If you subtract nginx from the above equation and add envoy to it, that would make for a very useful platform.
Event loops
nginx implements its own event collection mechanism. Envoy uses libevent. The event loop polls for events and processes them.
So a sub-goal for this project was to integrate libevent with what f-stack provided. The next step would be to glue envoy on top of it.
At a high level, we added the capability for the libevent library to poll events on the dpdk-freebsd stack.

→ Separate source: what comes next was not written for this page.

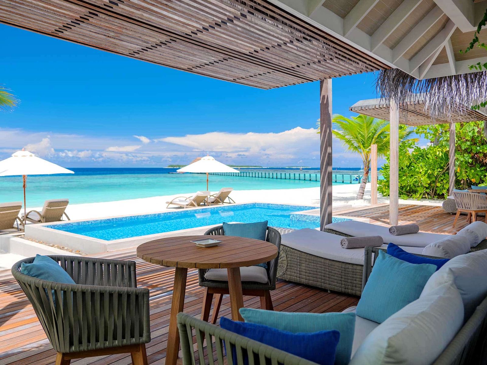 The Deluxe Beach Villa with Pool offers a luxurious beachfront experience with direct access to pristine white sands and stunning ocean views. It features a king-size bed, one bedroom, and a private pool for an exclusive stay.

Flow distribution across cores
Any multi-core system uses some mechanism to distribute packets across cores. This mechanism may be encoded in an FPGA for line rate performance. And if you wrote code for Cavium’s simple-executive, it had a similar paradigm. DPDK provides similar functionality using NIC RSS aka. Receive Side Scaling.
However hardware based RSS needs hardware support. If a developer doesn’t have access to such hardware, it is tricky to develop. Also hardware RSS cannot be tweaked. (for instance, for some conditions, temporarily stop sending packets to a specific core)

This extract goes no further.